What is being asked: Without the pictures, reproduce the records that follow exactly.

Records excerpted from a collection:
──────

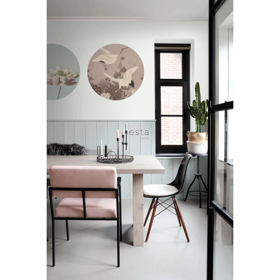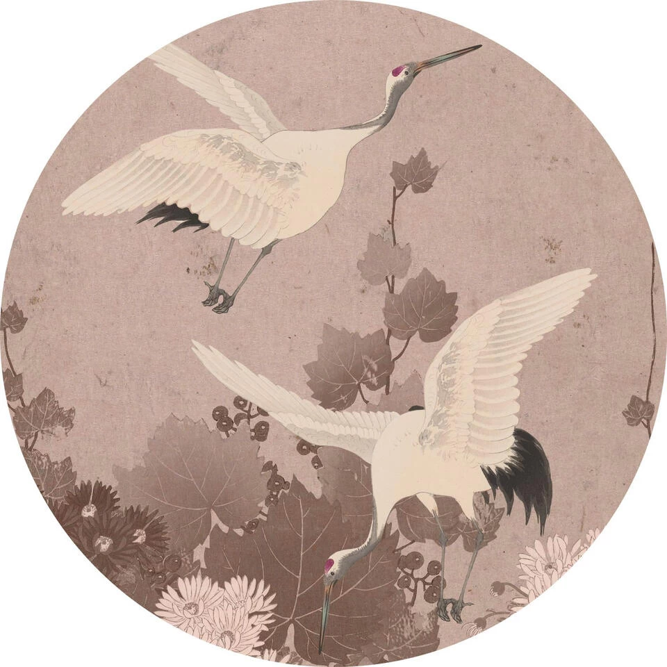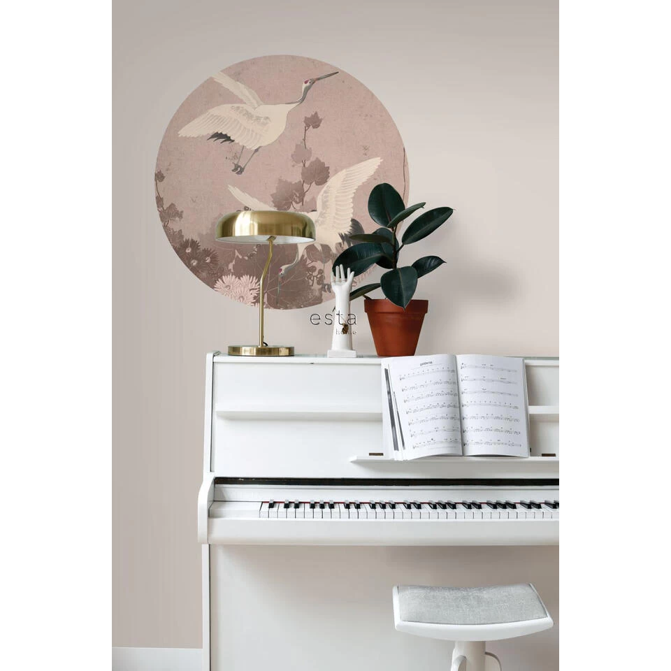 ESTAhome Zelfklevende Behangcirkel – Kraanvogels – Grijs Roze – Ø 70 Cm – 158995
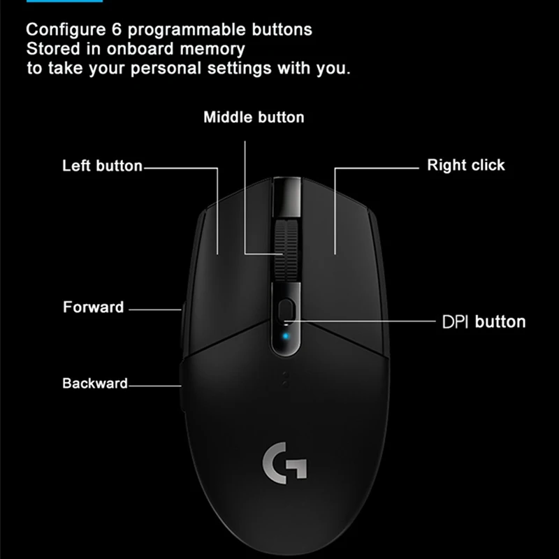Гибкий et pratiqueLes microcommutateurs des deux clés principales du Logitech g304 Pevent résister à environ 10 millions de clics. Il est également livré avec un bouton du milieu, un bouton DPI et deux boutons latéraux qui Pevent être personnalisés à l'aide du logiciel de jeu Logitech.
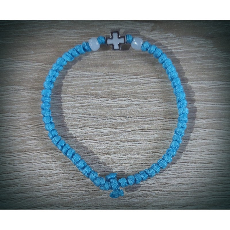 Ručně pletený modlitební náramek z řeckého kláštera (60 uzlíků). Vyrobeno z tenké voskované bavlněné nitě a se dvěma korálky a křížem. Ačkoli se náramek zdá na první pohled malý, díky navoskované niti se lehce protáhne přes zápěstí. Náramek má připomínat, že nedílnou součástí křesťanského života je modlitba i skutek.
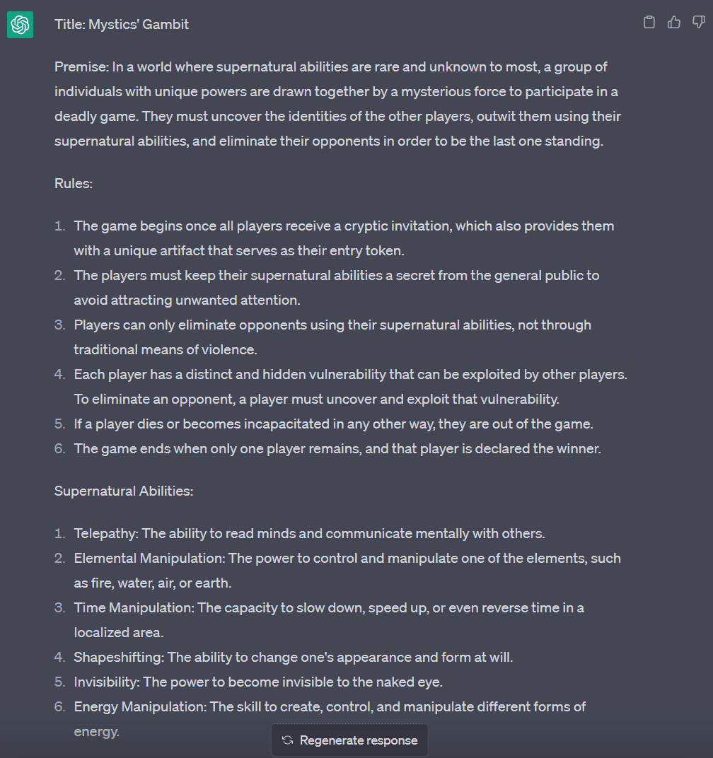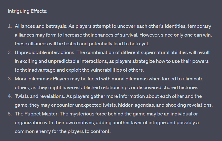А ещё можно попробовать предложить ему придумать правила магической войны, например. Типа есть люди, обладающие разными возможностями, и должны друг друга переиграть в магической войне. Собственно, вот что получилось (сорри за гугл транслейт): Название: Гамбит мистиков Предпосылка: В мире, где сверхъестественные способности редки и неизвестны большинству, группа людей с уникальными способностями объединяется таинственной силой, чтобы участвовать в смертельной игре. Они должны раскрыть личности других игроков, перехитрить их, используя свои сверхъестественные способности, и уничтожить своих противников, чтобы остаться последним выжившим. Правила: 1. Игра начинается, когда все игроки получают загадочное приглашение, которое также предоставляет им уникальный артефакт, который служит их жетоном входа. 2. Игроки должны держать свои сверхъестественные способности в секрете от широкой публики, чтобы не привлекать нежелательного внимания. 3. Игроки могут уничтожать противников только с помощью их сверхъестественных способностей, а не с помощью традиционных средств насилия. 4. У каждого игрока есть явная скрытая уязвимость, которой могут воспользоваться другие игроки. Чтобы устранить противника, игрок должен обнаружить и использовать эту уязвимость. 5. Если игрок умирает или каким-либо иным образом становится недееспособным, он выбывает из игры. 6. Игра заканчивается, когда остается только один игрок, и этот игрок объявляется победителем. Сверхъестественные способности: 1. Телепатия: способность читать мысли и мысленно общаться с другими. 2. Элементарное управление: способность контролировать и манипулировать одним из элементов, таким как огонь, вода, воздух или земля. 3. Управление временем: способность замедлять, ускорять или даже обращать время вспять в определенной области. 4. Изменение формы: способность изменять свой внешний вид и форму по желанию. 5. Невидимость: Способность становиться невидимым невооруженным глазом. 6. Управление энергией: умение создавать, контролировать и манипулировать различными формами энергии. Интригующие эффекты: 1. Союзы и предательства: когда игроки пытаются раскрыть личности друг друга, могут формироваться временные союзы, чтобы увеличить их шансы на выживание. Однако, поскольку победить может только один, эти союзы будут проверены и потенциально могут привести к предательству. 2. Непредсказуемые взаимодействия: сочетание различных сверхъестественных способностей приведет к захватывающим и непредсказуемым взаимодействиям, поскольку игроки разрабатывают стратегию, как использовать свои силы в своих интересах и использовать уязвимости других. 3. Моральные дилеммы. Игроки могут столкнуться с моральными дилеммами, когда вынуждены устранять других, поскольку у них могли быть установленные отношения или обнаруженные общие истории. 4. Неожиданные повороты и разоблачения. Собирая больше информации друг о друге и об игре, игроки могут столкнуться с неожиданными поворотами, скрытыми планами и шокирующими откровениями. 5. Хозяин Марионеток: Таинственная сила, стоящая за игрой, может быть человеком или организацией со своими собственными мотивами, добавляя еще один уровень интриги и, возможно, общего врага, с которым игроки могут столкнуться.
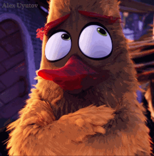 A close-up of a fluffy brown Angry Birds character with large eyes and a red beak, by Alex Uyutov.
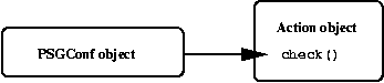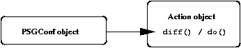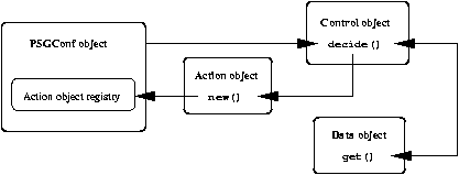 As each Data object is instantiated, it is registered with the central PSGConf object under a particular name, which can then be used to reference the object. For example, there might be a PSGConf::Data::String object called log_dir or a PSGConf::Data::Boolean object called anon_ftp_enable. DataStore ObjectsIn the psgconf framework, a system's configuration is expressed as a series of configuration statements that manipulate the registered Data objects. Each statement consists of the name of a Data object, a method to call on that object, and a list of arguments to pass to that method. The mechanism for reading these configuration statements is provided by DataStore objects. Each DataStore object provides a method called read_config() that reads configuration statements from some arbitrary source and executes the requested method calls. It might read the statements from a local configuration file using some particular syntax, or it might use a network protocol to read the statements from a remote configuration server (referred to as a "gold server"). It does not matter to psgconf how the statements are actually read, as long as the DataStore module can read the statements and execute the requested method calls. For example, the PSGConf::DataStore::ConfigFile DataStore object reads configuration statements from a local file using syntax that looks like this: log_dir->set "/var/log";This statement tells the DataStore object to look for a Data object named log_dir and call that object's set() method with the string /var/log as its argument. Action ObjectsAction objects represent actions to be performed on the system. All Action object classes should be derived from the PSGConf::Action base class, which provides several support methods. However, new subclasses should always define three important methods: check(), which determines whether the action actually needs to be performed or whether the system is already in compliance; diff(), which displays details about the changes that would be made to the system; and do(), which actually performs the action. The psgconf system includes many useful Action classes. See Table 1 for several examples. Action objects are processed in the order in which they are registered. This is discussed in more detail below. Control ObjectsControl objects are the real workhorses of the psgconf system. They are responsible for directing the overall process of configuring the system. From their constructor, Control objects can instantiate and register new Data objects. As mentioned above, each Data object is given a name as it is registered. For example, the PSGConf::Control::AnonFTP module registers the Data objects shown in Table 2.

──────

Answer for this exercise:
 ESTAhome Zelfklevende Behangcirkel – Kraanvogels – Grijs Roze – Ø 70 Cm – 158995
Гибкий et pratiqueLes microcommutateurs des deux clés principales du Logitech g304 Pevent résister à environ 10 millions de clics. Il est également livré avec un bouton du milieu, un bouton DPI et deux boutons latéraux qui Pevent être personnalisés à l'aide du logiciel de jeu Logitech.
 Ručně pletený modlitební náramek z řeckého kláštera (60 uzlíků). Vyrobeno z tenké voskované bavlněné nitě a se dvěma korálky a křížem. Ačkoli se náramek zdá na první pohled malý, díky navoskované niti se lehce protáhne přes zápěstí. Náramek má připomínat, že nedílnou součástí křesťanského života je modlitba i skutek.
А ещё можно попробовать предложить ему придумать правила магической войны, например. Типа есть люди, обладающие разными возможностями, и должны друг друга переиграть в магической войне. Собственно, вот что получилось (сорри за гугл транслейт): Название: Гамбит мистиков Предпосылка: В мире, где сверхъестественные способности редки и неизвестны большинству, группа людей с уникальными способностями объединяется таинственной силой, чтобы участвовать в смертельной игре. Они должны раскрыть личности других игроков, перехитрить их, используя свои сверхъестественные способности, и уничтожить своих противников, чтобы остаться последним выжившим. Правила: 1. Игра начинается, когда все игроки получают загадочное приглашение, которое также предоставляет им уникальный артефакт, который служит их жетоном входа. 2. Игроки должны держать свои сверхъестественные способности в секрете от широкой публики, чтобы не привлекать нежелательного внимания. 3. Игроки могут уничтожать противников только с помощью их сверхъестественных способностей, а не с помощью традиционных средств насилия. 4. У каждого игрока есть явная скрытая уязвимость, которой могут воспользоваться другие игроки. Чтобы устранить противника, игрок должен обнаружить и использовать эту уязвимость. 5. Если игрок умирает или каким-либо иным образом становится недееспособным, он выбывает из игры. 6. Игра заканчивается, когда остается только один игрок, и этот игрок объявляется победителем. Сверхъестественные способности: 1. Телепатия: способность читать мысли и мысленно общаться с другими. 2. Элементарное управление: способность контролировать и манипулировать одним из элементов, таким как огонь, вода, воздух или земля. 3. Управление временем: способность замедлять, ускорять или даже обращать время вспять в определенной области. 4. Изменение формы: способность изменять свой внешний вид и форму по желанию. 5. Невидимость: Способность становиться невидимым невооруженным глазом. 6. Управление энергией: умение создавать, контролировать и манипулировать различными формами энергии. Интригующие эффекты: 1. Союзы и предательства: когда игроки пытаются раскрыть личности друг друга, могут формироваться временные союзы, чтобы увеличить их шансы на выживание. Однако, поскольку победить может только один, эти союзы будут проверены и потенциально могут привести к предательству. 2. Непредсказуемые взаимодействия: сочетание различных сверхъестественных способностей приведет к захватывающим и непредсказуемым взаимодействиям, поскольку игроки разрабатывают стратегию, как использовать свои силы в своих интересах и использовать уязвимости других. 3. Моральные дилеммы. Игроки могут столкнуться с моральными дилеммами, когда вынуждены устранять других, поскольку у них могли быть установленные отношения или обнаруженные общие истории. 4. Неожиданные повороты и разоблачения. Собирая больше информации друг о друге и об игре, игроки могут столкнуться с неожиданными поворотами, скрытыми планами и шокирующими откровениями. 5. Хозяин Марионеток: Таинственная сила, стоящая за игрой, может быть человеком или организацией со своими собственными мотивами, добавляя еще один уровень интриги и, возможно, общего врага, с которым игроки могут столкнуться.
 A close-up of a fluffy brown Angry Birds character with large eyes and a red beak, by Alex Uyutov.
 As each Data object is instantiated, it is registered with the central PSGConf object under a particular name, which can then be used to reference the object. For example, there might be a PSGConf::Data::String object called log_dir or a PSGConf::Data::Boolean object called anon_ftp_enable. DataStore ObjectsIn the psgconf framework, a system's configuration is expressed as a series of configuration statements that manipulate the registered Data objects. Each statement consists of the name of a Data object, a method to call on that object, and a list of arguments to pass to that method. The mechanism for reading these configuration statements is provided by DataStore objects. Each DataStore object provides a method called read_config() that reads configuration statements from some arbitrary source and executes the requested method calls. It might read the statements from a local configuration file using some particular syntax, or it might use a network protocol to read the statements from a remote configuration server (referred to as a "gold server"). It does not matter to psgconf how the statements are actually read, as long as the DataStore module can read the statements and execute the requested method calls. For example, the PSGConf::DataStore::ConfigFile DataStore object reads configuration statements from a local file using syntax that looks like this: log_dir->set "/var/log";This statement tells the DataStore object to look for a Data object named log_dir and call that object's set() method with the string /var/log as its argument. Action ObjectsAction objects represent actions to be performed on the system. All Action object classes should be derived from the PSGConf::Action base class, which provides several support methods. However, new subclasses should always define three important methods: check(), which determines whether the action actually needs to be performed or whether the system is already in compliance; diff(), which displays details about the changes that would be made to the system; and do(), which actually performs the action. The psgconf system includes many useful Action classes. See Table 1 for several examples. Action objects are processed in the order in which they are registered. This is discussed in more detail below. Control ObjectsControl objects are the real workhorses of the psgconf system. They are responsible for directing the overall process of configuring the system. From their constructor, Control objects can instantiate and register new Data objects. As mentioned above, each Data object is given a name as it is registered. For example, the PSGConf::Control::AnonFTP module registers the Data objects shown in Table 2.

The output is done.